What you need to do: Using the listing below, copy exactly each line from the one that has "Благодарение на УНИБанка" through the one that has "A praia de Itaguaré, que"; omit the pictures.

BEGIN Data for this task

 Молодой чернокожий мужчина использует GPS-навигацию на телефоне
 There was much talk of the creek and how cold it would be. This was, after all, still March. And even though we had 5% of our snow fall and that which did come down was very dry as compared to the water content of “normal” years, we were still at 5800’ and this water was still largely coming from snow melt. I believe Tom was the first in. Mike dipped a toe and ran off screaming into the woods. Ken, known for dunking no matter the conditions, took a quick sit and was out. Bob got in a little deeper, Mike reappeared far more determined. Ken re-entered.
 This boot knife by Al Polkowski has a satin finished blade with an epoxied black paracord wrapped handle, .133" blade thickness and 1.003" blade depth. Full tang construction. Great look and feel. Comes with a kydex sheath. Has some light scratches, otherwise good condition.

END Data for this task
BEGIN Data for this task

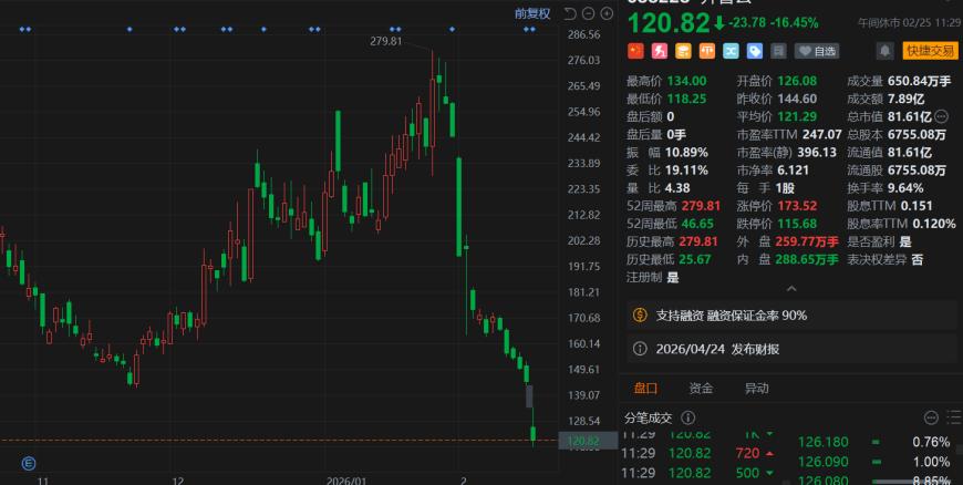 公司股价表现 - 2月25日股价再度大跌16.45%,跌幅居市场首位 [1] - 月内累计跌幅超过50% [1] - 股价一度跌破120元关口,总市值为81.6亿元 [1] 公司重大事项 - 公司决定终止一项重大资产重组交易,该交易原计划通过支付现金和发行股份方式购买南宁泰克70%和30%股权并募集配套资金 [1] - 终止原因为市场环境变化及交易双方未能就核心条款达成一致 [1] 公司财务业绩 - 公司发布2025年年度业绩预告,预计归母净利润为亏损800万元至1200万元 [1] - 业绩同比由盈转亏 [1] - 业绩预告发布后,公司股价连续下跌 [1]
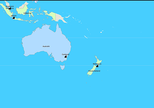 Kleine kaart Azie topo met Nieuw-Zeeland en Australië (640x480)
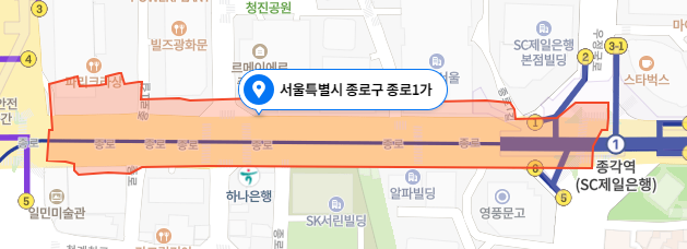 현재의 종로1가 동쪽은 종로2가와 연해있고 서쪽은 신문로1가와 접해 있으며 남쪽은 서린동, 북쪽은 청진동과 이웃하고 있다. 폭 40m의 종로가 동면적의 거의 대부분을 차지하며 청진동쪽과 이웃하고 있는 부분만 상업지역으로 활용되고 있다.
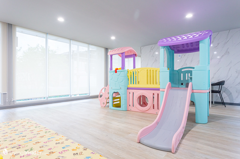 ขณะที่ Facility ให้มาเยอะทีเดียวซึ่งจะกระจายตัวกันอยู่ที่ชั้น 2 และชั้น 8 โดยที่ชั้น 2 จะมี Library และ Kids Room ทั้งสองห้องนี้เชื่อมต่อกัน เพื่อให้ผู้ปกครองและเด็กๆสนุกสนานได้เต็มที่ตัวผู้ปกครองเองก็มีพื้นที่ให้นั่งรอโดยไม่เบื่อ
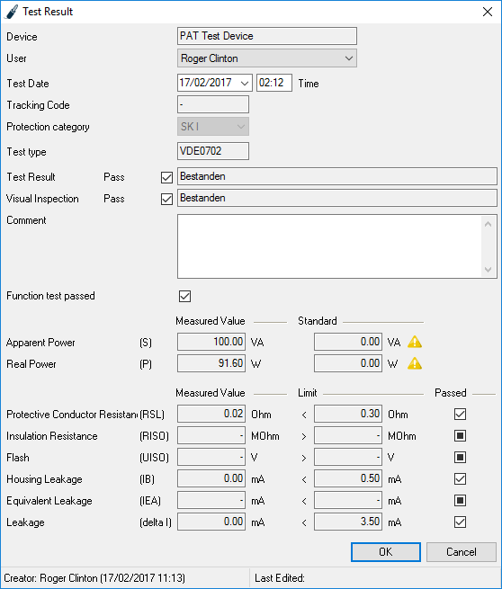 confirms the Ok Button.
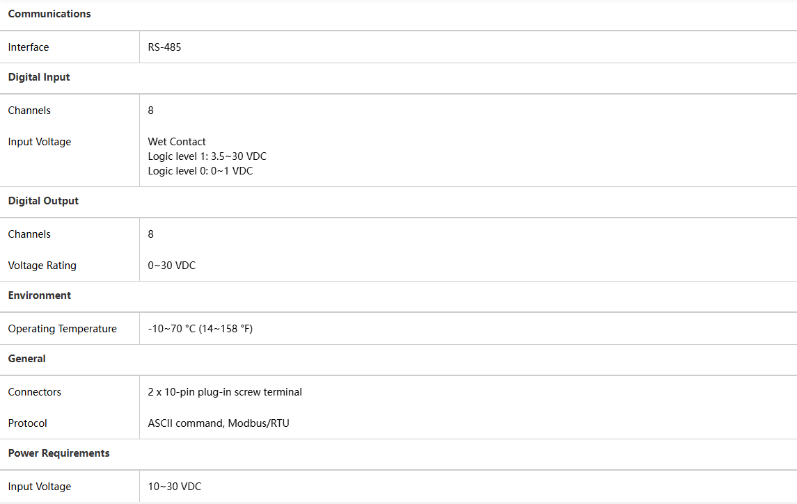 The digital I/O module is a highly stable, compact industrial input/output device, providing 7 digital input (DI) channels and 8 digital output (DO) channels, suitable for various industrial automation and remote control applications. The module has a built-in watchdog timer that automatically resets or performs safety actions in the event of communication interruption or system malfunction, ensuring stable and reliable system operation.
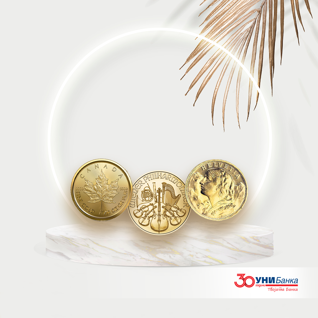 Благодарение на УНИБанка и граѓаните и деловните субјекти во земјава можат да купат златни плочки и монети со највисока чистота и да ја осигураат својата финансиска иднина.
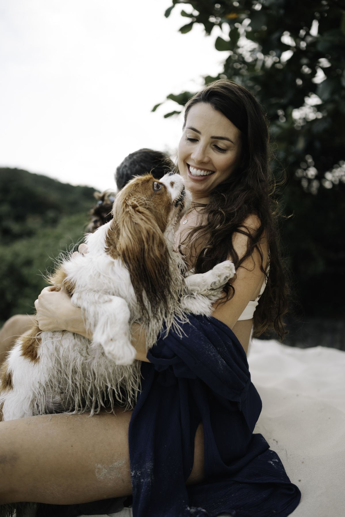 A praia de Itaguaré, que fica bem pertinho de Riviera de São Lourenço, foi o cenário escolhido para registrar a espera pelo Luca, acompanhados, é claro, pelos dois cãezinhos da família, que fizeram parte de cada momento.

END Data for this task
BEGIN Data for this task

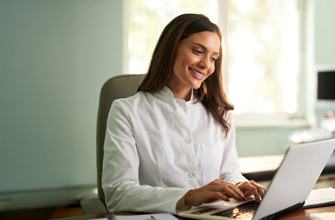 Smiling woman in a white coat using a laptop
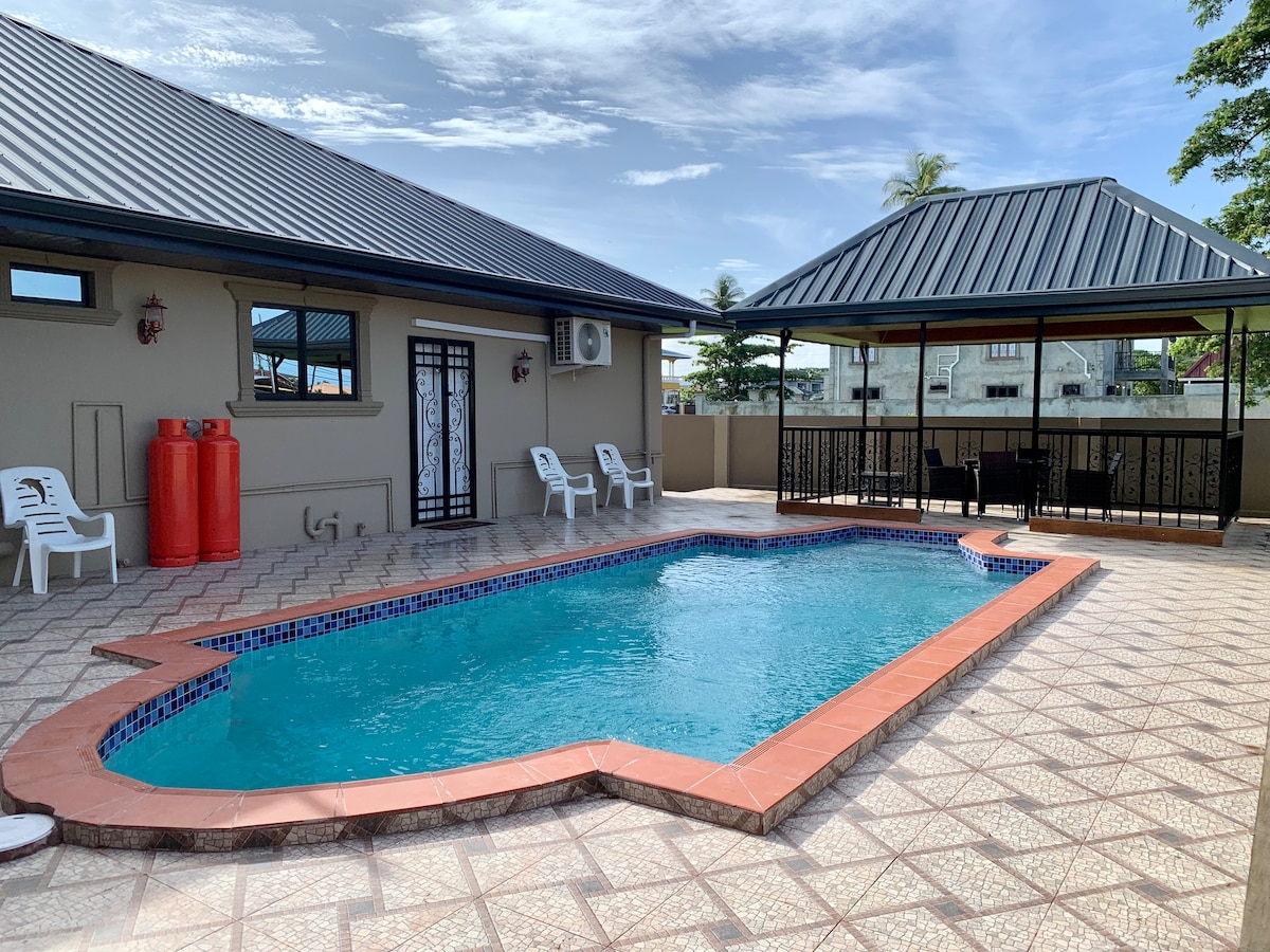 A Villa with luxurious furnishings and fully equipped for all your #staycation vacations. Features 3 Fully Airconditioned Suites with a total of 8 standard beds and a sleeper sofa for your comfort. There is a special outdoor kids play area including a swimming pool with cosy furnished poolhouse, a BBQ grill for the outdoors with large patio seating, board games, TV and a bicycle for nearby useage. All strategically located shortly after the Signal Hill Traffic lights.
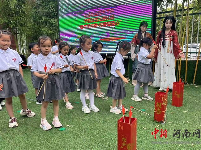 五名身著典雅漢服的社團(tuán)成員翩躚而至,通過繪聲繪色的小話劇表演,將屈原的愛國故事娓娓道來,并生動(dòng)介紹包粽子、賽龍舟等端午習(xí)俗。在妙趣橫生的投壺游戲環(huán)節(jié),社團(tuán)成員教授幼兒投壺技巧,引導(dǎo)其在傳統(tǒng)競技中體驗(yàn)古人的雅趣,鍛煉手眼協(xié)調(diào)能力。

END Data for this task

Answer box:
 Благодарение на УНИБанка и граѓаните и деловните субјекти во земјава можат да купат златни плочки и монети со највисока чистота и да ја осигураат својата финансиска иднина.
 A praia de Itaguaré, que fica bem pertinho de Riviera de São Lourenço, foi o cenário escolhido para registrar a espera pelo Luca, acompanhados, é claro, pelos dois cãezinhos da família, que fizeram parte de cada momento.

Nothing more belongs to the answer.